Thank you for reading this-i will be eagerly awaiting your replies


----------



## trashpony (Sep 29, 2010)

Read the 1,500 other threads on this subject . I have a conviction for cannabis possession and lived there for a couple of years 

Welcome - please stay and don't just fuck off after you've got your question answered. TIA.


----------



## strung out (Sep 29, 2010)

you'll probably be ok, but be prepared to be sent back because if they want to be cunts then they will be.


----------



## pogofish (Sep 29, 2010)

trashpony said:


> Read the 1,500 other threads on this subject .



This - It has been done more than enough times now!


----------



## paolo (Sep 29, 2010)

The can only decide to send you back based on the caution if they know about it.

I don't believe US immigration has access to that data.

(if I'm correct, then strung out's comment is misleading and irrelevent)


----------



## UKlady (Sep 29, 2010)

lol i did look for other threads but could only find one for a juvenile caution for possession of a class a.....im still finding my way around this site.
Im glad you got in ok....did you just answer no to everything?

I will stay-there look to be some good threads on here


----------



## Steel Icarus (Sep 29, 2010)

pogofish said:


> This - It has been done more than enough times now!



Be fair - she's (almost certainly) new and given her difficulty posting this thread, I reckon the search function might be a mountain too high.


----------



## editor (Sep 29, 2010)

UKlady said:


> lol i did look for other threads but could only find one for a juvenile caution for possession of a class a.....im still finding my way around this site.
> Im glad you got in ok....did you just answer no to everything?
> 
> I will stay-there look to be some good threads on here


I've known a lot of people get into the States with all sorts of dodgy records so I think you'll be fine.

Just don't - whatever you do - admit to it when you're filling in the green form! Oh, and don't say that you were a member of the Nazi party either.


----------



## strung out (Sep 29, 2010)

paolo999 said:


> The can only decide to send you back based on the caution if they know about it.
> 
> I don't believe US immigration has access to that data.
> 
> (if I'm correct, then strung out's comment is misleading and irrelevent)


 
well exactly, hence my comment that she'll probably be fine. with a caution they can send you back, so be prepared for it, no matter how unlikely that might be.


----------



## UKlady (Sep 29, 2010)

Thanks Steel Icarus  i have only been registered a few hours and am finding navigation on here difficult-probably heightened by my already stressed state!
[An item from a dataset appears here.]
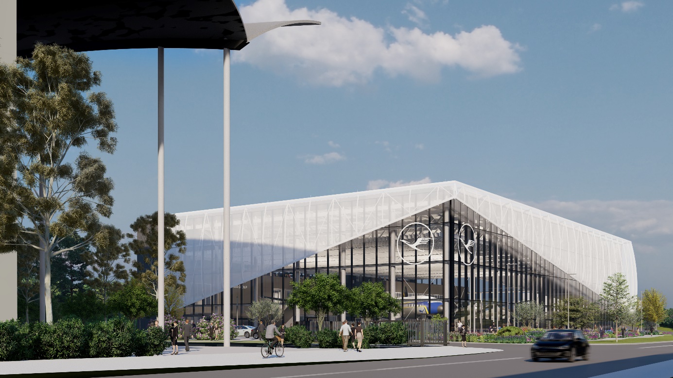 In direkter Nachbarschaft zum Lufthansa Aviation Center (LAC) hat die Lufthansa Group am Frankfurter Flughafen 2024 mit dem Bau eines neuen Konferenz- und Besucherzentrums begonnen, das ein Ort für neue Formen der Zusammenarbeit für die Mitarbeitenden und gleichzeitig für Kundinnen und Kunden, Geschäftspartnerinnen und -partner sowie Luftfahrtbegeisterte sein wird.

I will get to grips with the site eventually im sure....hey i have no worked out how to start a thread thats got to be a good start lol

Thanks again for everybodys inputs....i aprieciate your patience ('s) with my repeated (sorry) post....your replies will help me to believe this trip is still possible and worth boarding for in 21 days!


----------



## editor (Sep 29, 2010)

Where are you headed to in the US, by the way?


----------



## Geri (Sep 29, 2010)

My friend went there with convictions for attempted robbery and drug dealing, both of which he served 4 years in prison for. If they let him in they will let anyone in, I'm sure.


----------



## UKlady (Sep 29, 2010)

editor said:


> Where are you headed to in the US, by the way?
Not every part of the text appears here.